Все помолчали, охваченные тяжелым чувством. Одни с сомнением качали головами, другие, видимо, поверили богомольцу. Не стал бы он врать ничего такого, если бы не знал. Странник начал снова:

— Как объявил царь про опричнину, так через день и казнить начал. Первым сказнил воеводу князя Александра Борисовича Горбатого-Шуйского да сына его Петра. В юношеских летах князь-то Петр был. Семнадцать годков минуло только. Так и шел рука в руку с отцом он на лобное место, да не захотел он видеть казни отца своего, склонил голову на плаху, а отец взял его, отвел, да и говорит: «Да не узрю тебя мертвым». Сам лег. Первым, значит, хотел умереть. Известно, отец. Нелегко было сына-юношу мертвым видеть. Отрубили ему голову. Взял ее князь молодой, лобызать стал, на небо глянул, не стало и его тоже… Много князей и бояр в тот день полегло, и князь Сухой-Кашин, и князь Горенский, и Головин, и Хозрин. А князя Димитрия Шеварева на кол в те поры посадили, до ночи вплоть пел канон Иисусу…

Монахи набожно перекрестились. Некоторое время длилось молчание. Наконец кто-то спросил:

— А что же владыко разве не печалуется?

— Запрет на владык положен, чтоб не печаловались, — ответил богомолец. — Да владыко наш Афанасий и стар, и болезнями удручен. Где ему против воли государевой идти?

Зазвонили к вечерней службе, и собеседники поднялись со своих мест, крестясь и направляясь в церковь.

Рассказ богомольца возбудил толки среди братии, а тут прибыли и еще, и еще богомольцы и принесли запас новых известий, еще более безрадостных. Не верить им было уже невозможно, хотя все их рассказы походили на страшный сон. Братии казалось, что мир, покинутый ею, тонул теперь в крови и погрязал в безбожии. Богомольцы и странники соглашались, что теперь тот и счастлив, кто укрылся куда-нибудь в глухую обитель, хотя и там было не всегда безопасно: царь и оттуда вытаскивал на казнь своих врагов и изменников.

Ходили эти толки и слухи по всему монастырю, доходили отрывки их и до игумена, и до Сильвестра. Но Филипп тотчас же прекращал эти суетные разговоры. В душе же у него была горечь невыносимая. Он знал лучше, чем кто-либо из монахов, все то, что делалось в Москве. Родные и знакомые извещали его тайком о московских делах, один из его близких, двоюродный его брат Василий Иванович Колычев-Умной уже назывался опричным боярином, стоял близко к царю.
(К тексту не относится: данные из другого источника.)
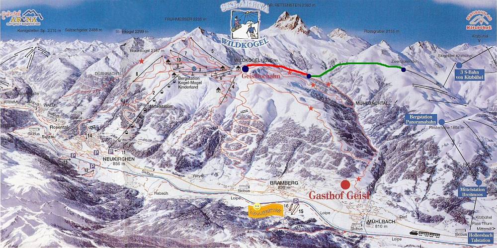 Blau eingezeichnet sehen Sie die Tiefschnee-Abfahrt von der Geisl Hochalm zur Geisl Grundalm. Auch eine Abfahrt vom Kitzbüheler Skigebiet ist möglich (grün eingezeichnet).
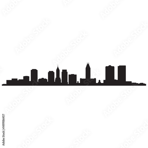 Panoramic View of Downtown Syracuse Skyline. Syracuse city black silhouette skyscrapers and buildings. Long cityscape. Vector black silhouette. with white background
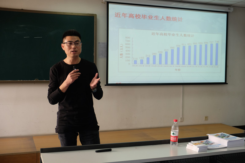 讲座开始,赵新老师从自身经历出发,向同学们讲述了自己求职失败但最终走向成功的经历,以此告诉大家学历对一个人今后发展的重要性。演讲中,他多次强调知识才能改变命运,并且鼓励大家把考研当作自己的一个目标,这个目标会影响思维,思维将影响行为,行为最终决定一生。
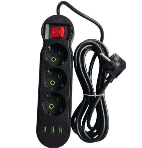 Maximize your charging capabilities with the Power Strip 2USB 1USB-C Port 3Sockets 3Meters Cable. This extension cord features 6 ports, including fast charging capabilities, allowing you to charge multiple devices at once. With...
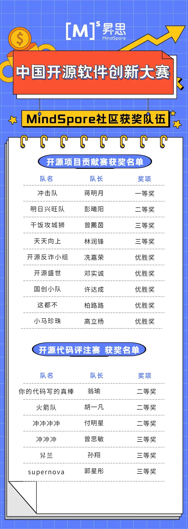 本次大赛旨在响应国家政策,更好地激发开源创新活力,培养开源软件人才,助中国开源生态建设。由MindSpore社区开发者组成的15支入围总决赛的队伍取得优异成绩,最终获得一等奖1名,二等奖4名,三等奖5名,优秀奖5名。

Кощунство над верою православною, отнятое у владык право печаловаться, беспутное поведение царя Ивана Васильевича, все это возмущало его строгую, полную великих помыслов душу. Когда-то с горечью смотрел на развод великого князя, как на первое нарушение церковных правил; когда-то он возмущался поведением царедворцев, юношей доброзрачных. Но что все это было в сравнении с тем, что делалось теперь? Теперь не церковное постановление приносится в жертву государственным интересам, а происходит глумление над церковью; теперь не окружающие царя оказываются недостойными своего положения, а сам государь роняет сан, свое значение.

— О, блажен тот, кто в такие времена уже лежит в могиле!